-- RECORDED INFORMATION --
====================

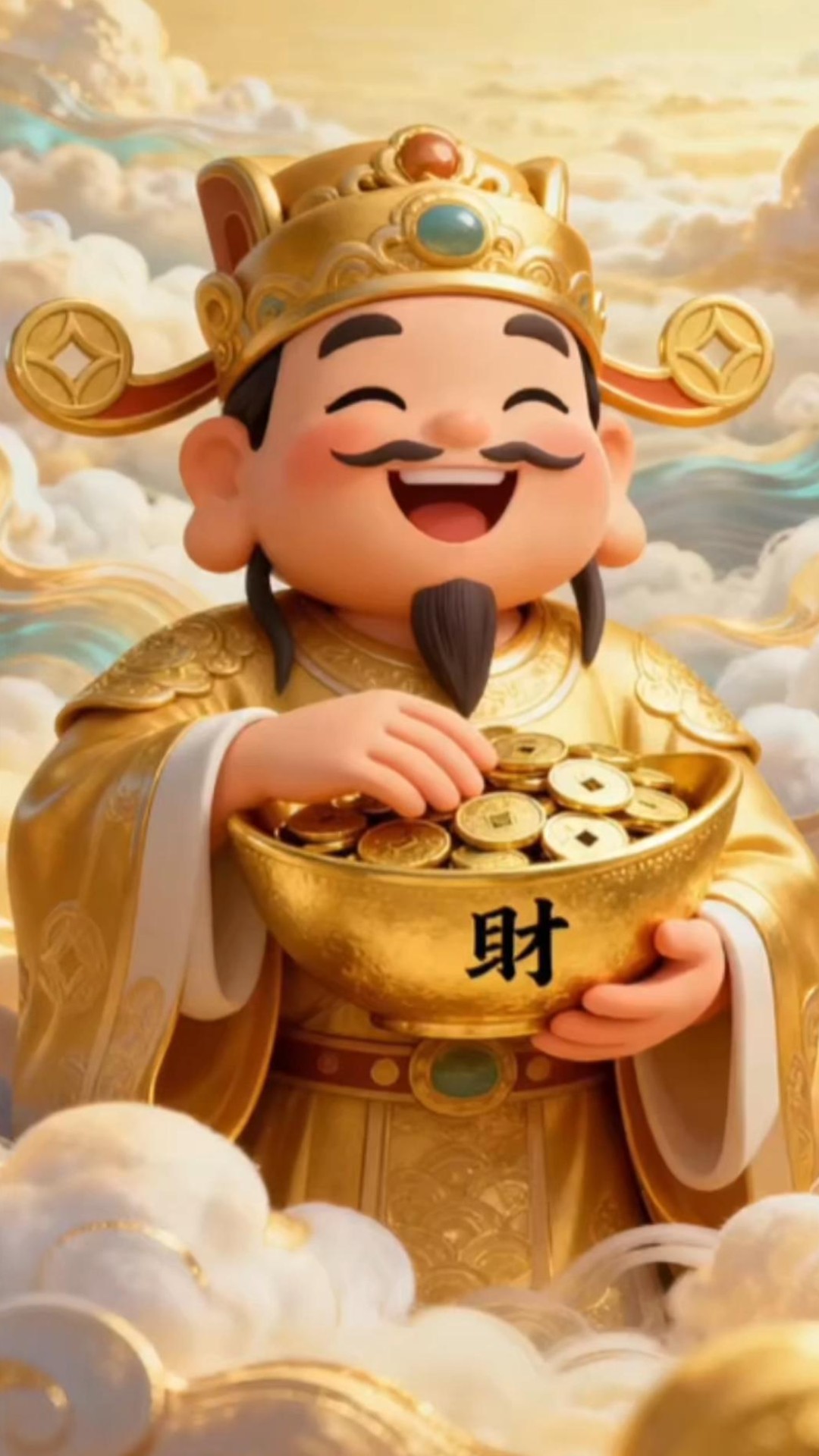 Invite abundance into your life with this delightful 3D portrayal of Caishen, the Chinese God of Wealth. Designed with a charming, high-quality animation aesthetic, this cheerful deity beams with joy while clutching a golden treasure bowl overflowing with coins. The prominent character "財" (Wealth) on the basin and the dreamy cloud backdrop make this a perfect digital talisman. It is an ideal mobile wallpaper for celebrating the Lunar New Year or simply manifesting prosperity and positivity year-round.
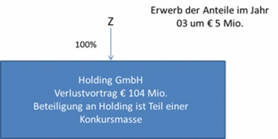 Aus einer Konkursmasse erwirbt Z im Jahr 03 eine Holdinggesellschaft mit Verlustvorträgen von EUR 104 Mio. um EUR 5 Mio.
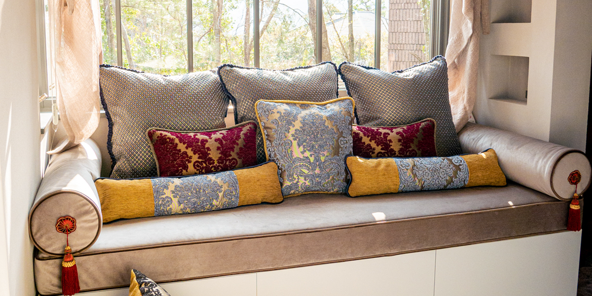 お客様のご自宅に先ほどの生地の色違い、デザイン違いの生地で制作したクッション達。こんな色の組み合わせも素敵ではないでしょうか?
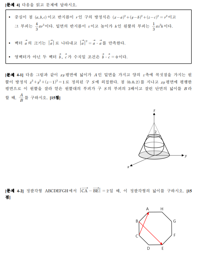 문제4의 소문항1은 공간좌표에서 표현되는 공간도형의 특성을 잘 파악하고 있는지 평가한다. 구에 외접하는 원뿔대를, 그 중심축을 지나는 평면으로 절단해 얻은 단면을 이용해 3차원의 문제를 2차원 문제로 변환하여 해결하는 능력을 평가한다. 또한 피타고라스 정리와 삼각형의 닮음을 상황에 맞게 적용할 수 있는 능력을 평가한다. 소문항2는 벡터를 다양한 방법으로 다룸으로써 도형을 식으로 표현하고 이해할 수 있는지 평가한다. 벡터의 길이와 내적과의 관계, 두 벡터의 수직 조건을 이용해 문제를 해결할 수 있는 능력을 평가한다.

====================

-- WHAT THE TASK ASKS --
Could the lines from the one with "Aus einer Konkursmasse" through the last line of the material above be written out exactly, both included, with pictures left out?

-- SOLVED EXERCISE --
 Aus einer Konkursmasse erwirbt Z im Jahr 03 eine Holdinggesellschaft mit Verlustvorträgen von EUR 104 Mio. um EUR 5 Mio.
 お客様のご自宅に先ほどの生地の色違い、デザイン違いの生地で制作したクッション達。こんな色の組み合わせも素敵ではないでしょうか?
 문제4의 소문항1은 공간좌표에서 표현되는 공간도형의 특성을 잘 파악하고 있는지 평가한다. 구에 외접하는 원뿔대를, 그 중심축을 지나는 평면으로 절단해 얻은 단면을 이용해 3차원의 문제를 2차원 문제로 변환하여 해결하는 능력을 평가한다. 또한 피타고라스 정리와 삼각형의 닮음을 상황에 맞게 적용할 수 있는 능력을 평가한다. 소문항2는 벡터를 다양한 방법으로 다룸으로써 도형을 식으로 표현하고 이해할 수 있는지 평가한다. 벡터의 길이와 내적과의 관계, 두 벡터의 수직 조건을 이용해 문제를 해결할 수 있는 능력을 평가한다.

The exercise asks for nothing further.